子供を大事に育てて、大学まで行かせるために、親は一所懸命働いています。そのため、多くの若者が恩返しとして親を喜ばせることを優先的に考えます。

また、親が年をとっても老人ホームに入れることはなく、家族が世話をするのが一般的です。

老人ホームに入れたらお金がかかることや、年老いた両親に対して親孝行でないと周囲に思われるなどマイナスなイメージがあることが主な理由です。

フレンドリーで面度見が良い

インドネシア人は裏表がない人が多いです。そのため、知らない人にでも笑顔を絶やさず、フレンドリーに接します。知り合ったばかりでも、家に呼ばれて、ご飯を食べさせてくれることもよくあります。

そしてインドネシア人は困っている人がいれば、すぐに助けるという面倒見が良い性格としても知られています。

私の経験ですが、インドネシアから日本行きの飛行機に搭乗した際、急に体調が悪くなり、エチケット袋を探す余裕がないぐらい大パニックになりました。

隣の席にいた見知らぬインドネシア人の女性が素早く自分のエチケット袋を渡し、私の背中を優しくさすってくれました。この経験を通して、改めて自国の人はこんなに優しいのかと実感しました。

楽観的な人が多い

インドネシア人には「できる限り努力し、後は神様の力を信じて、何とかなる」という楽観的な考え方の人が多いようです。そのため問題が発生しても、インドネシア人はあまり深刻に悩みません。

このようなポジティブな考え方はとても良いですが、問題を解決できないときや良い結果が出ない場合「これはすべて神の運命で仕方ない」と思い込み、自分を反省しないで諦める人もいます。

ストレスが多い世の中で、良くも悪くも、この「なんとかなる精神」を見習いたいです。そうしたらどんな困難に直面しても、深刻に悩まず、「大丈夫!」だと解決できる自信を生み出せるでしょう。

時間感覚がゆるくてのんびり

インドネシア人の時間感覚は

“Jam Karet” 「ゴムの時間」

という言葉でよく表現されています。

時間はゴムのように伸びることができ、柔軟だという意味です。

そのため、約束の時間通りに来なかったり、急に約束時間が変更されたり、また最悪な場合ドタキャンされることもよくあります。

時間に厳格な日本人にとっては、時間感覚がゆるいインドネシア人と関わるときにかなりストレスになってしまいます。

インドネシア人が時間にルーズな理由は、元々穏やかでのんびりとした性格の人が多いことに関係があります。

日本を訪れたインドネシアの友達が「日本人は歩くスピードが速い」と一番驚いたようです。

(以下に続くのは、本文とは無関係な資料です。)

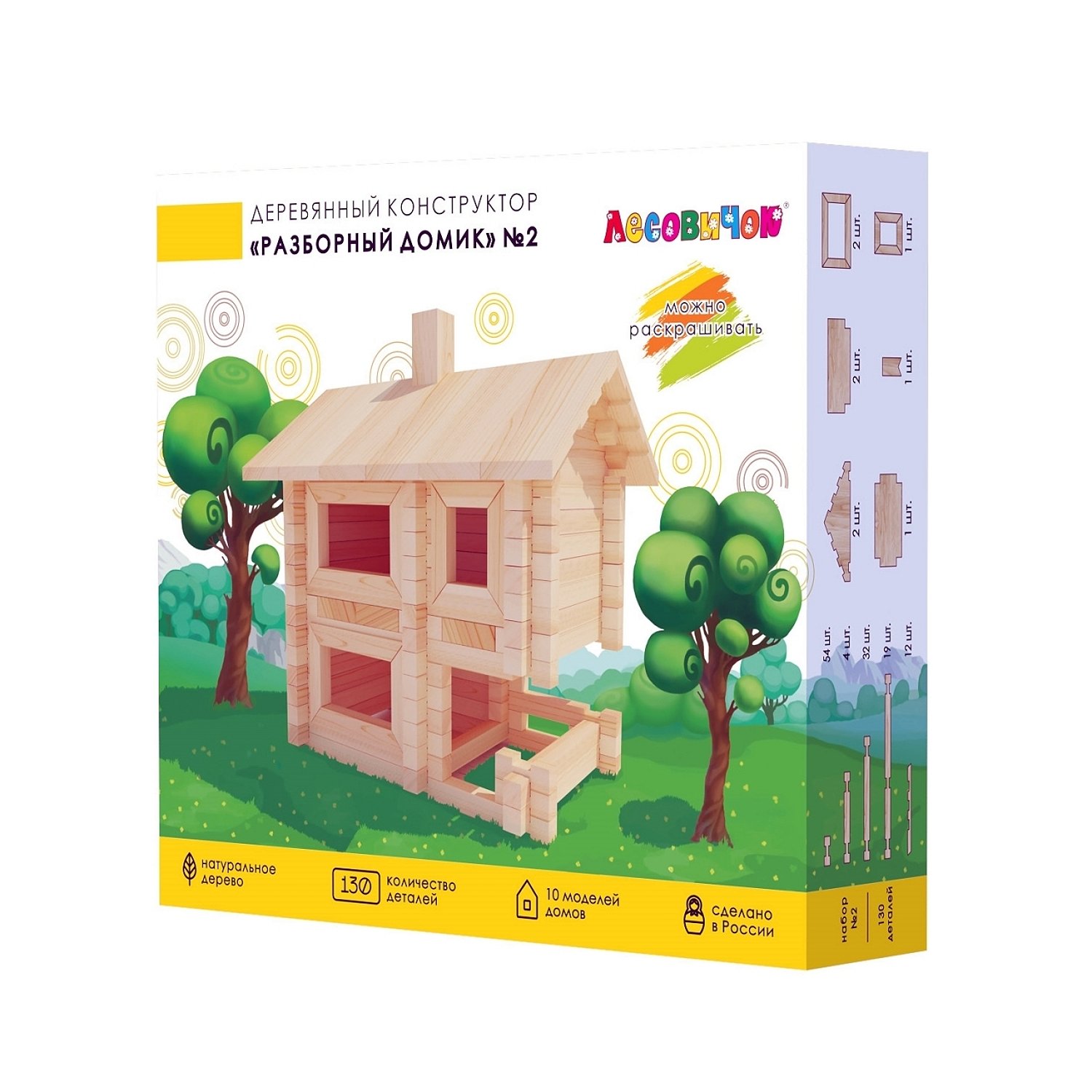 Конструктор ЛЕСОВИЧОК Разборный домик №2 130 деталей 56103

「なぜ日本人はそこまで焦っているのだろうか」と疑問を投げかけました。

インドネシアではのんびり歩いている人が多く、道端で「ぼーっ」としてスマートフォンをいじる人や友達と喋っている人もいます。時間がゆっくり流れているような光景は珍しくありません。

未だに黒魔術、幽霊、迷信を信じている

宗教を持っていても、幽霊、黒魔術、迷信を信じているインドネシア人は今でもいます。

一つの要因は「状況をコントロールできないとき、すぐに自分の周りのものと関連付ける」という考え方が強いからです。

今でも、健康上に問題がない家族が急に病気になった際に「誰かが黒魔術を送ってきたのではないか」、子供が盲目的な恋愛をしていると親は「相手が黒魔術をかけていたのではないか」などと考えるケースもあります。

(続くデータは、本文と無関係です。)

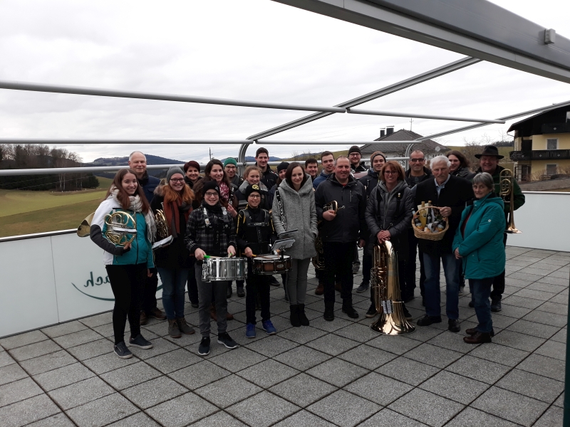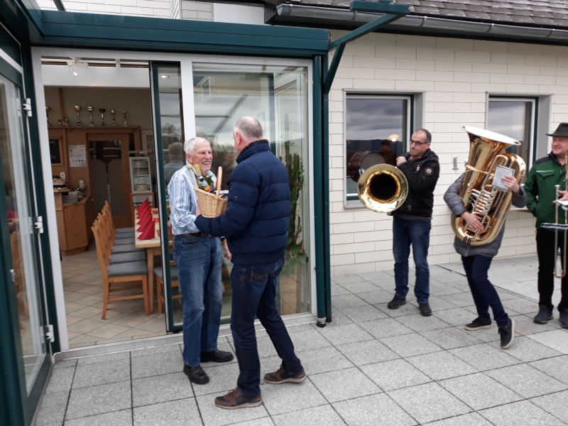 Zu seinem 80. Geburtstag gratulierte der Musikverein Pfarrkirchen Hans Bauer mit ein paar Märschen. Auch den Lieblingsmarsch von Hans „Mein Böhmerland“ gab es zu hören. Hans unterstützte den Verein viele Jahre auf dem Hornregister und als ausdauernder Notenarchivar. Anschließend an das Geburtstagsständchen waren wir ins GH Pröll eingeladen.

チャンネル登録者数940万人以上、幽霊たちとのコミュニケーションをメインコンテンツとするインドネシア人YouTuberの動画は毎回の動画再生回数が200万回以上と非常に人気です。

また、ホラー映画も人気で、超常現象の体験などもすぐSNSで拡散されます。これらからもインドネシア人が超常現象や幽霊の目撃などという話が大好きで、多少幽霊のことを信じていることがわかります。

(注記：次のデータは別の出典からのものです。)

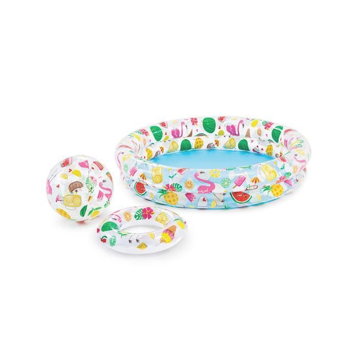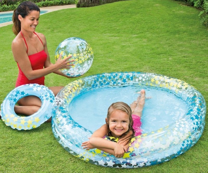 - Этот яркий надувной бассейн предназначен для самых маленьких купальщиков. Чтобы игра в бассейне была интереснее и задорнее, в комплекте к бассейну прилагаются плавательный круг и надувной мяч той же расцветки.

日常生活においての迷信も多いです。例えば、未婚の女性に対して「きれいに掃除しないと、将来は髭がボーボーの人と結婚する」という迷信があります。

ちゃんと掃除しましょう、ということですが、髭がボーボーな男性が好きな女性に対しては特に問題ないので、面白い迷信です。

まとめ

ご紹介した内容はもちろんインドネシア人全員に当てはまるというわけではありません。

多民族国家のインドネシアは、民族、宗教、住む地域、育った環境によって価値観も性格も様々です。国民性を理解し、お互いを尊敬することで、外国人と良い関係を築くことができるはずです。

インドネシア人を理解しようと思ったときに少しでもご参考になれば幸いです。